Baumgartner joined the Air Force out of high school in July 1961 and worked at the Niagara Falls Air Reserve Station. He joined with two high school friends who "didn't make it six months," he said. Baumgartner largely served as an administrative specialist, including a two-year tour in Germany. He reenlisted early at Niagara Falls in 1965. A year later he was sent to Vietnam.
"Vietnam was just building up around '64-'65, and I went in '66. I didn’t think they needed administrative people over there as much as fighting soldiers, so it was a surprise," Baumgartner said. "I was kind of excited in a way. I wasn’t looking for a way out, I wanted to experience it firsthand, and I don’t regret going."
Baumgartner was based at Tan Son Nhut Air Base, a Republic of Vietnam Air Force base near Saigon in South Vietnam. It was a major base for the U.S. Air Force during the Vietnam War.
His duties involved documenting plane and troop movements in and out of the country. There were 10 Air Force detachments in Vietnam, and each had to account for itself via monthly reports. Sometimes, a detachment wouldn't send their information to the base, and Baumgartner would travel around the country to retrieve the report.
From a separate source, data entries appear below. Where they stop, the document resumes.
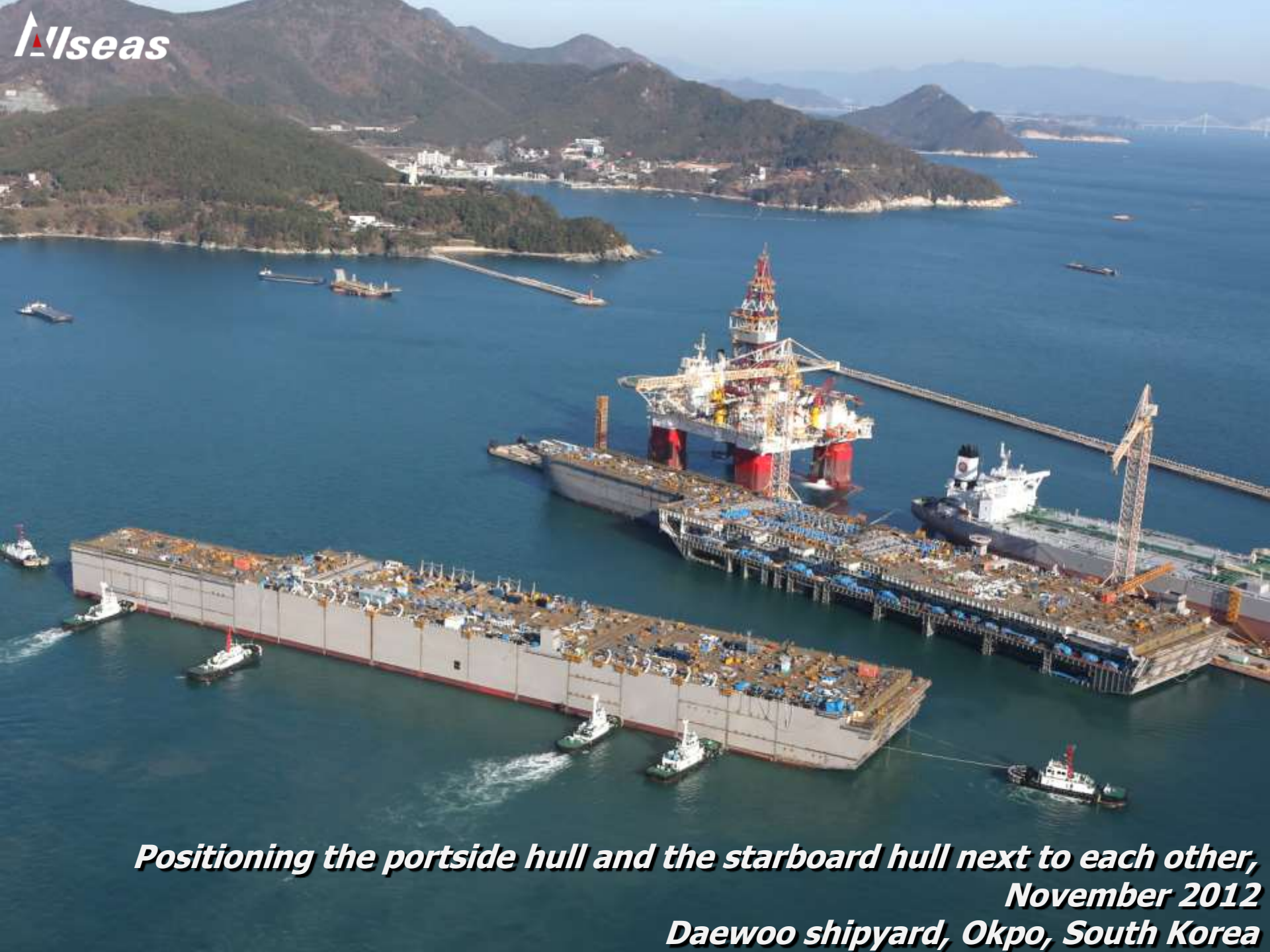
Positioning the portside hull and the starboard hull next to each other, November 2012 Daewoo shipyard, Okpo, South Korea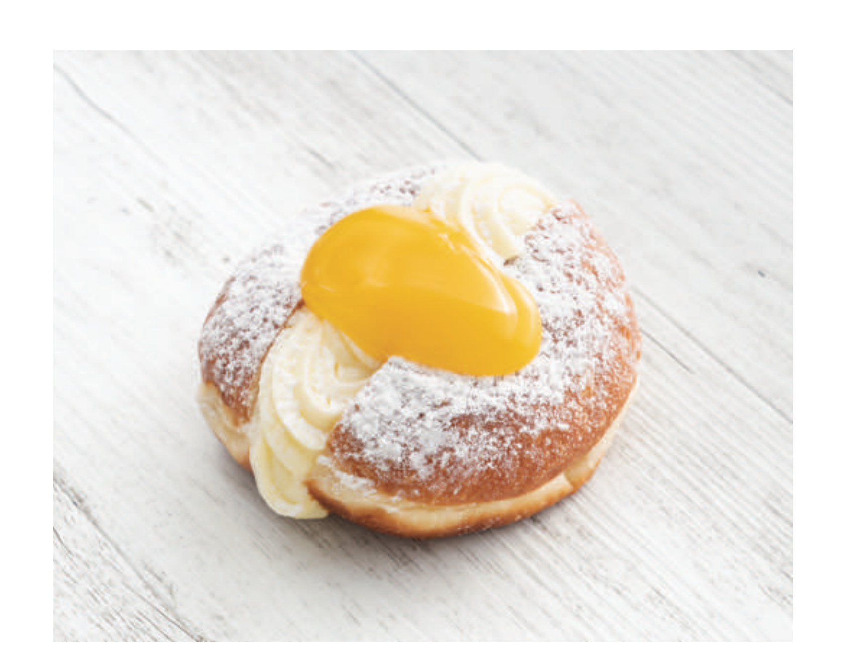
LEMON CHEESECAKE SPLIT

RASPBERRY JAM FILLING, ROLLED IN FINE SUGAR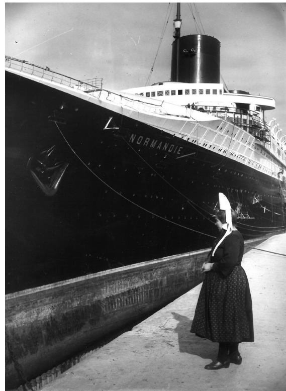
KEYSTONE, A Breton woman in front of the Normandie. Estimate (lot): €300-500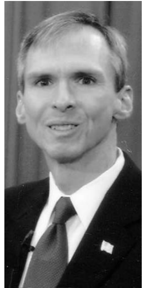
CONGRESSMAN D. LIPINSKI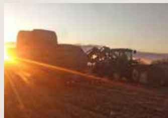
Hauling comstalks home.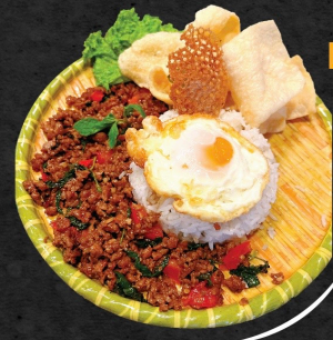
L5 DE SIGNATURE THAI MINCE PORK RICE DE 泰式猪肉碎便当 RM12.90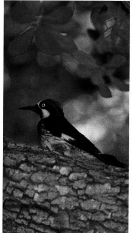
This female Acorn Woodpecker in McAllen, Texas 6-10 November 2001 provided an unexpected first record for the Lower Rio Grande Valley. The closest populations of this montane species are in the Sierra Pichacos in northeastern Mexico, about 160 km away.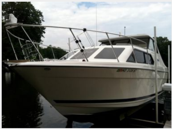
28' Bayliner port forward profile

"If they didn't send them in, I'd have to hop on a plane and go get them," he said.
One time that meant a trip to Tay Ninh, a base about 60 miles northwest of Saigon. He was transported on an Army Caribou cargo plane.
"The pilot told me he'd be there 20 minutes, so I told him I could probably run there and run back in five minutes," Baumgartner said. "I get to the building, and I hear them taking off. I was stranded overnight. There wasn't a plane until noon the next day."
There was only a four-person detachment at Tay Ninh. The group decided to head into town.
"We're driving along in our blue Air Force truck, and the side mirror gets shot out," Baumgartner said. "He kept driving like it was a daily thing. It didn't faze them at all, they said it happens all the time. All I had was a 30-caliber revolver with six rounds. That’s all they give you when you leave the base."
Wayne Baumgartner, 75
Hometown: Town of Tonawanda
Residence: Town of Tonawanda
Branch: Air Force
Rank: Staff sergeant
Specialty: Administrative specialist
War zone: Vietnam
Years of service: 1961-69
Most prominent honors: Air Force Commendation Medal, Air Force Good Conduct Medal with one oak leaf cluster (which represents a second award), Republic of Vietnam Medal
Baumgartner is proudest of his Air Force commendation medal, awarded to members of the Air Force who distinguish themselves by meritorious achievement and service.
Because he reenlisted early, his service amounted to less than eight years. He served seven years, seven months and seven days.
"I wouldn’t change it for the world," Baumgartner said of his military career. "Military people are a different breed. They have your back, all the time. It could be a stranger you don’t know, but if you need something, bingo, you’ve got it."
After his military service, Baumgartner worked two years as a steamfitter apprentice before working for J.C. Penney in the Boulevard Mall for 35 years, retiring as a maintenance stock manager. He and his wife of 57 years, Sandra, raised two daughters and three sons, including two who followed their father into public service: David, a recently retired Town of Tonawanda police captain, and Michael, the supervisor of the Town of Tonawanda's paramedics.
Throughout his post-military career and his retirement, Baumgartner has been active in the community. He is a 50-year member at Brounshidle Post, where he served as commander. He has been involved in post fundraisers, including efforts to provide Christmas gifts to needy veteran families.
As the chairman of the Town of Tonawanda's community emergency response team program, Baumgartner heads the initiative that has educated 500 residents about disaster preparedness and trains them in basic disaster response, including skills in fire safety, search and rescue and extrication. The program has 137 active members.
"We train people to take care of themselves, and each other," said Baumgartner, who also organizes the annual charity hockey game between the town's police and firemen.
Baumgartner's two paths of service came together this summer when he was honored by State Sen. Chris Jacobs as part of the Veteran of the Month program. He was told there would be a group picture during the event and to bring some of his formal military wear.
"We were having a legion family picnic, and I'm running it, making all of this food, and someone says change for the picture," he said. "I walk out there, the senator is there, my family and everyone. It was quite a surprise."